DATASET RECORDS Start Marker

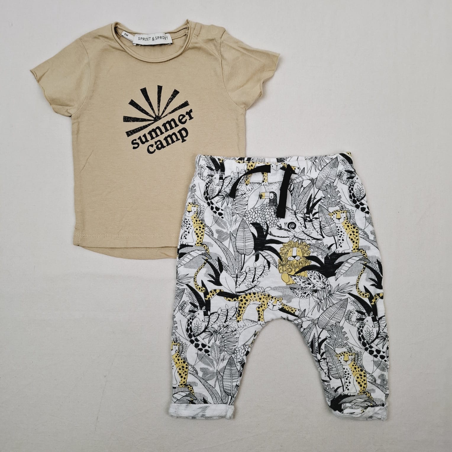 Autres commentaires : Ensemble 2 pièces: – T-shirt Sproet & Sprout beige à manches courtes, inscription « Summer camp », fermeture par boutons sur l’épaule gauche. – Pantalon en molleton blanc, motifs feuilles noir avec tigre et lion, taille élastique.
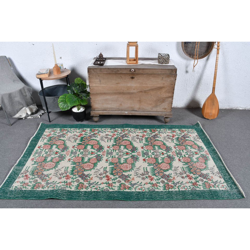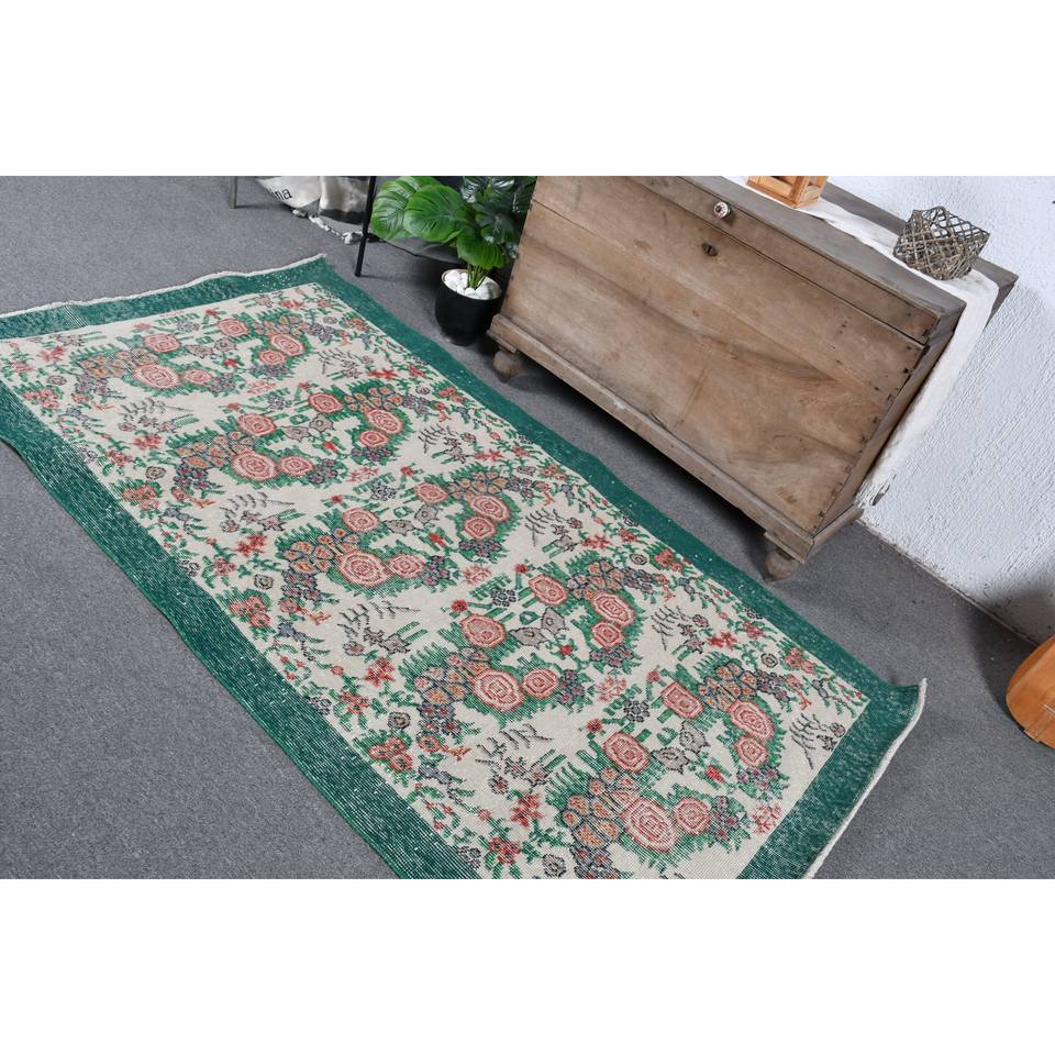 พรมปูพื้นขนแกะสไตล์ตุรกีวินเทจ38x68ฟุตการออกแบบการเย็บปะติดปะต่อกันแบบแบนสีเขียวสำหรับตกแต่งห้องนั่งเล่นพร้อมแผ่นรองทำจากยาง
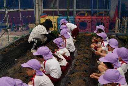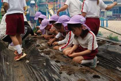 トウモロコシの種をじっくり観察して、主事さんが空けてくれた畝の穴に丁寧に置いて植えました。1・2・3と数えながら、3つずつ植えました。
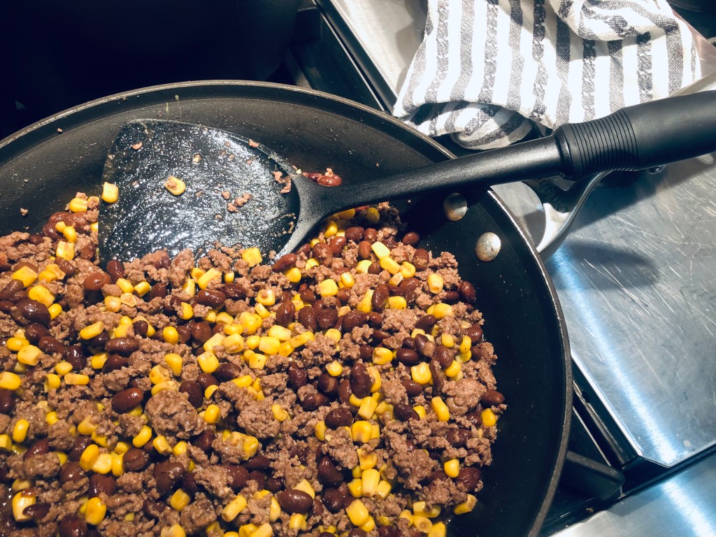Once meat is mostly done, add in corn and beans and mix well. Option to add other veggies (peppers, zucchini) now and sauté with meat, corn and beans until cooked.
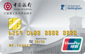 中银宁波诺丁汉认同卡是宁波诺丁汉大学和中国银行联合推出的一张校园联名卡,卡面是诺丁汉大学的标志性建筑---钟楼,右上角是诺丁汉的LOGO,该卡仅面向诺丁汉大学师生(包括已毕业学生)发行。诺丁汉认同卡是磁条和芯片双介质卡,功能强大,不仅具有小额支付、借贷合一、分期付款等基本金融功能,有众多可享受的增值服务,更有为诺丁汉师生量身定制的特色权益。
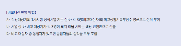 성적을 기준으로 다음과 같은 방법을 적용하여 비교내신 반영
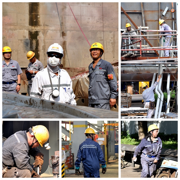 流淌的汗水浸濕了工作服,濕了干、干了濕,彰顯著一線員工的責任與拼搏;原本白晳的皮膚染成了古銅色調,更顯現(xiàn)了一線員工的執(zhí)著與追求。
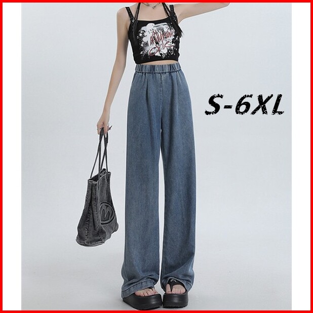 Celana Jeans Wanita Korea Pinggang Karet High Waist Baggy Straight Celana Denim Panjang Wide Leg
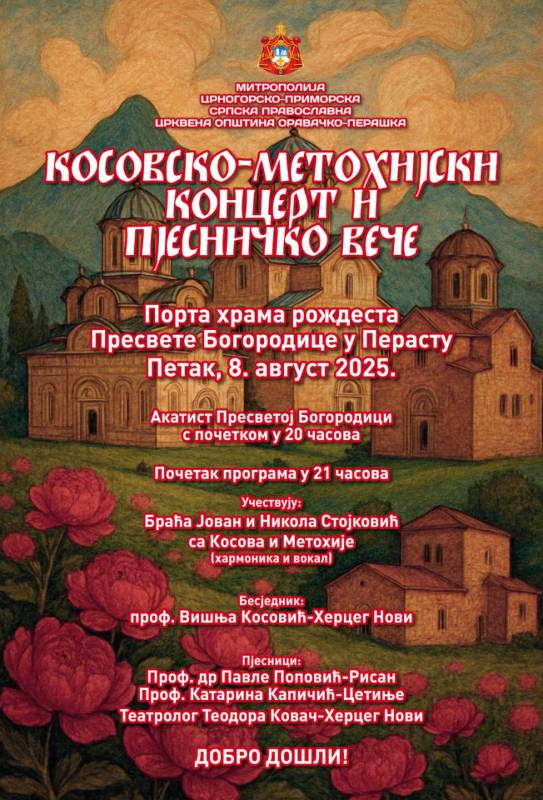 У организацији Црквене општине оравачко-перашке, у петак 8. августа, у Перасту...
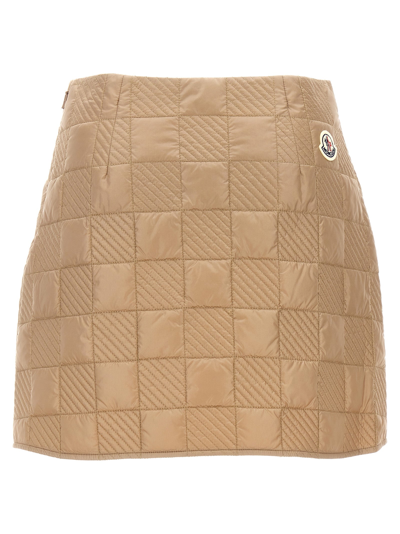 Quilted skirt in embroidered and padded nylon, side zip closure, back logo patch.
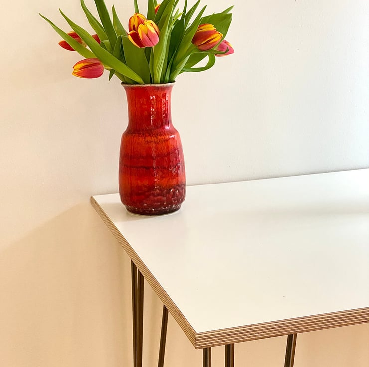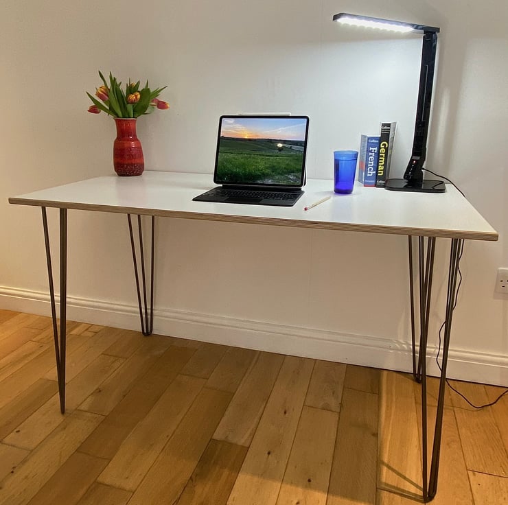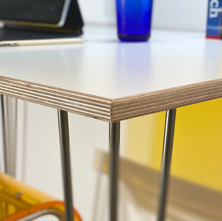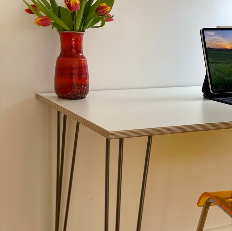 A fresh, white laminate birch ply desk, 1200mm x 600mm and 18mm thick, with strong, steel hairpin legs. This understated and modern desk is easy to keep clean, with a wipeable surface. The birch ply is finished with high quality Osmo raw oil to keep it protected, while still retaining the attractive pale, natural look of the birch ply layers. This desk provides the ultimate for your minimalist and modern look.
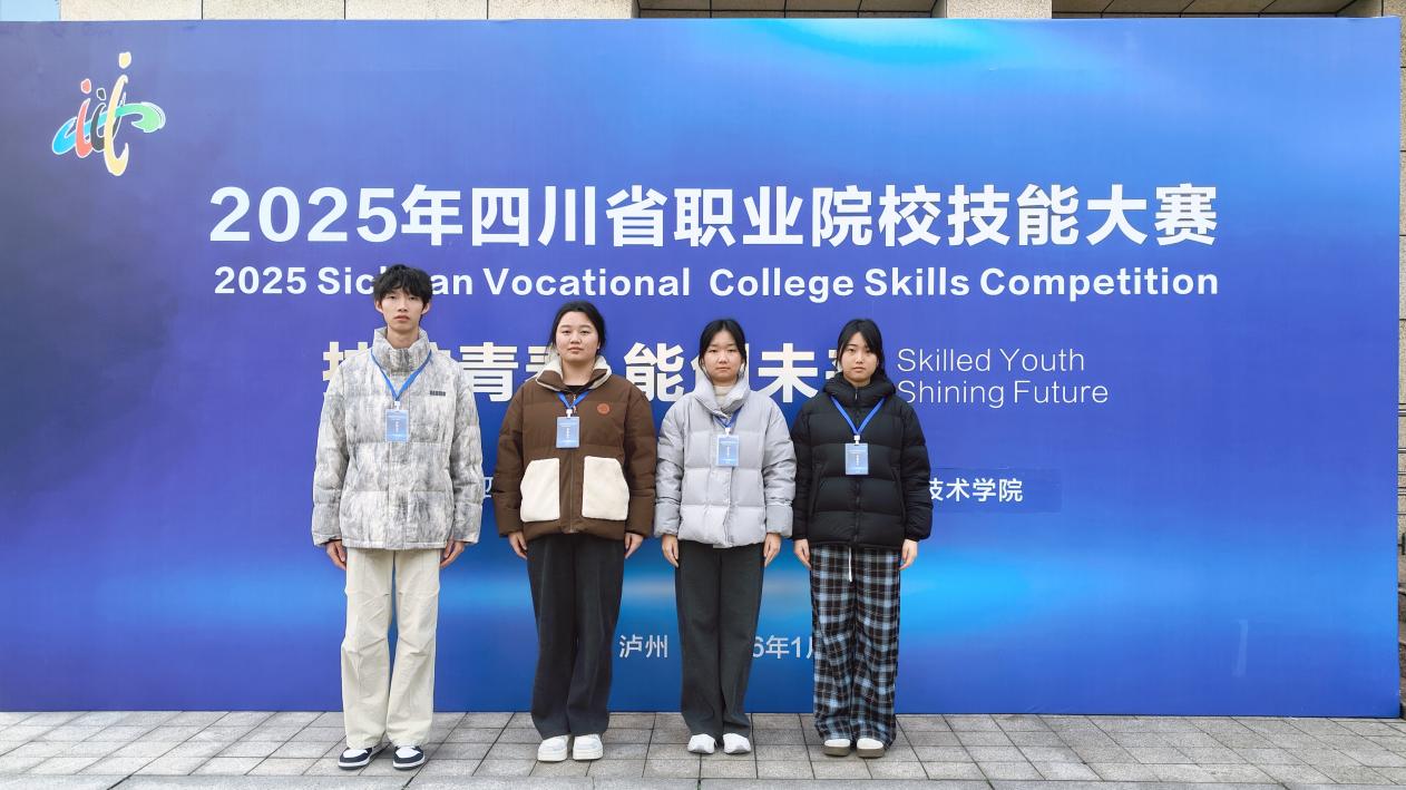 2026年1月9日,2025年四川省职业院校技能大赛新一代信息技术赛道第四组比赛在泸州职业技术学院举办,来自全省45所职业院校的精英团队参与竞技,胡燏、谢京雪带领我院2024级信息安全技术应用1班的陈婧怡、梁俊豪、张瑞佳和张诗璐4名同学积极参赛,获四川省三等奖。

DATASET RECORDS End Marker

## EXERCISE INSTRUCTIONS:
Would you mind transcribing the material exactly, without the pictures?

## ANSWER SECTION:
 Autres commentaires : Ensemble 2 pièces: – T-shirt Sproet & Sprout beige à manches courtes, inscription « Summer camp », fermeture par boutons sur l’épaule gauche. – Pantalon en molleton blanc, motifs feuilles noir avec tigre et lion, taille élastique.
 พรมปูพื้นขนแกะสไตล์ตุรกีวินเทจ38x68ฟุตการออกแบบการเย็บปะติดปะต่อกันแบบแบนสีเขียวสำหรับตกแต่งห้องนั่งเล่นพร้อมแผ่นรองทำจากยาง
 トウモロコシの種をじっくり観察して、主事さんが空けてくれた畝の穴に丁寧に置いて植えました。1・2・3と数えながら、3つずつ植えました。
Once meat is mostly done, add in corn and beans and mix well. Option to add other veggies (peppers, zucchini) now and sauté with meat, corn and beans until cooked.
 中银宁波诺丁汉认同卡是宁波诺丁汉大学和中国银行联合推出的一张校园联名卡,卡面是诺丁汉大学的标志性建筑---钟楼,右上角是诺丁汉的LOGO,该卡仅面向诺丁汉大学师生(包括已毕业学生)发行。诺丁汉认同卡是磁条和芯片双介质卡,功能强大,不仅具有小额支付、借贷合一、分期付款等基本金融功能,有众多可享受的增值服务,更有为诺丁汉师生量身定制的特色权益。
 성적을 기준으로 다음과 같은 방법을 적용하여 비교내신 반영
 流淌的汗水浸濕了工作服,濕了干、干了濕,彰顯著一線員工的責任與拼搏;原本白晳的皮膚染成了古銅色調,更顯現(xiàn)了一線員工的執(zhí)著與追求。
 Celana Jeans Wanita Korea Pinggang Karet High Waist Baggy Straight Celana Denim Panjang Wide Leg
 У организацији Црквене општине оравачко-перашке, у петак 8. августа, у Перасту...
 Quilted skirt in embroidered and padded nylon, side zip closure, back logo patch.
 A fresh, white laminate birch ply desk, 1200mm x 600mm and 18mm thick, with strong, steel hairpin legs. This understated and modern desk is easy to keep clean, with a wipeable surface. The birch ply is finished with high quality Osmo raw oil to keep it protected, while still retaining the attractive pale, natural look of the birch ply layers. This desk provides the ultimate for your minimalist and modern look.
 2026年1月9日,2025年四川省职业院校技能大赛新一代信息技术赛道第四组比赛在泸州职业技术学院举办,来自全省45所职业院校的精英团队参与竞技,胡燏、谢京雪带领我院2024级信息安全技术应用1班的陈婧怡、梁俊豪、张瑞佳和张诗璐4名同学积极参赛,获四川省三等奖。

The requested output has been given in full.